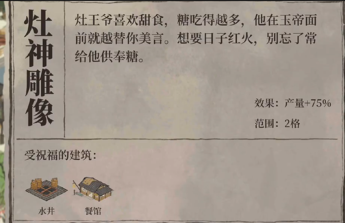 赚钱最快的方法主要集中在高效利用特定生产建筑、合理规划雕像加成布局、并结合人物与珍宝的增益效果。最核心的来钱途径是建造大量水井并使其获得灶神雕像的祝福,因为水井是所有建筑中效益最高的,特别是当它建在餐馆旁获得祝福时,每3分钟两个居民即可净赚210铜钱,通过密集建造并频繁操作可以快速积累大量财富。
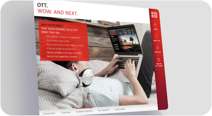 OTT. WOW. AND NEXT. OUR TOP PRIORITY? HOME THAT YOUR VIEWERS TRULY LIVE WHAT THEY SEE. • Live content - as good as being there ABOUT US • Consistently high quality • Enjoy more diverse and original content • Ultimate audience experience SERVICES • Relive highlights and magic moments • Be the first to get fresh content ONLINE REFERENCE Introduction Overview Audience benefits Your benefits Case studies
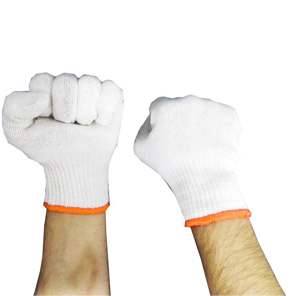 Bleach White Cotton Knitted Gloves with Orange Overlock
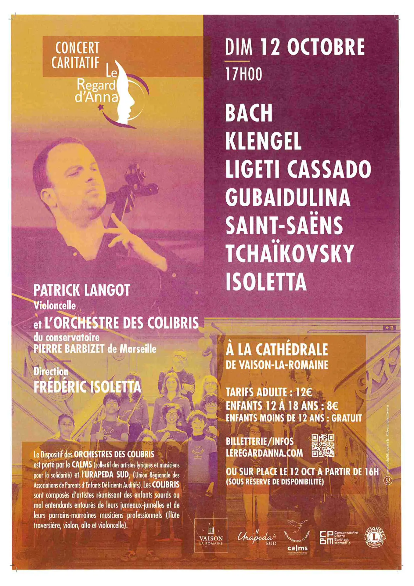 Fruit d’une collaboration entre l’association vaisonnaise Le Regard d’Anna et l’Urapeda Sud (Union régionale des parents d’enfants déficients auditifs) cet événement caritatif aura pour invité d’honneur le violoncelliste international Patrick Langot. Il sera accompagné par les Colibris, un orchestre mixte incluant enfants sourds, enfants entendants et musiciens professionnels. Cet ensemble marseillais évoluera sous la direction de Franck Isoletta.
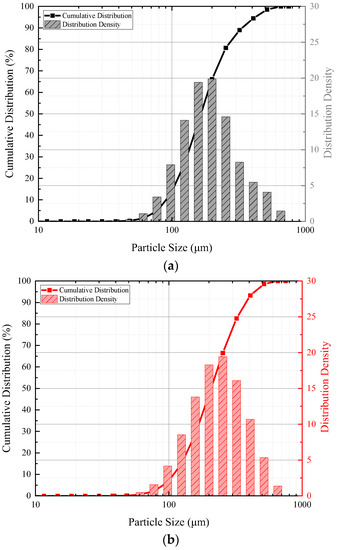 To evaluate the particle size, the size distribution and cumulative curve of three microcapsules were determined via particle size analysis (S3500 Microtrac Inc.) with ethanol as the eluent. The results are presented in Figure 1a–c and details are summarised in Table 2. Moreover, the morphology of the microcapsule was determined by PIP 9.1 Particle Image Processor using an OMEG instrument, which is shown in Figure 1d–e, and the roundness of the microcapsule is presented in Table 2, which suggests that the average sizes of small, medium and large microcapsules were 164.98 µm, 202.38 µm, and 241.16 µm, respectively, and the roundness of three microcapsules were almost the same.
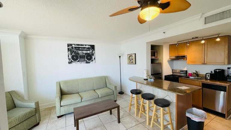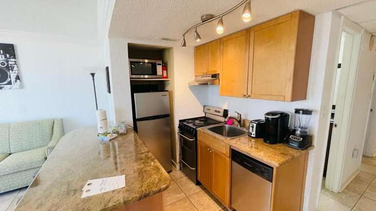 Das Apartment im Oceanfront Condo Steps to the Beach w No Resort Fees verfügt über 1 Schlafzimmer, ein Wohnzimmer und ein Badezimmer mit Dusche und Badewanne. Ein Balkon mit Meerblick lädt zum Entspannen ein. Zur Ausstattung gehören auch ein Flachbild-Kabel-TV und eine voll ausgestattete Küche. Handtücher und Bettwäsche werden gestellt.
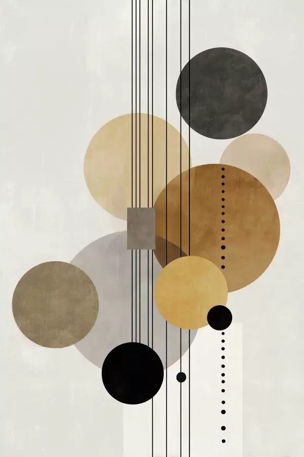 Poster abstracción con círculos y líneas en colores cálidos Nr f47238

Exercise → Pictures are not part of the copy. Reproduce the lines from the one with "Das Apartment im" through the end of the listing above.

Your solution →
 Das Apartment im Oceanfront Condo Steps to the Beach w No Resort Fees verfügt über 1 Schlafzimmer, ein Wohnzimmer und ein Badezimmer mit Dusche und Badewanne. Ein Balkon mit Meerblick lädt zum Entspannen ein. Zur Ausstattung gehören auch ein Flachbild-Kabel-TV und eine voll ausgestattete Küche. Handtücher und Bettwäsche werden gestellt.
 Poster abstracción con círculos y líneas en colores cálidos Nr f47238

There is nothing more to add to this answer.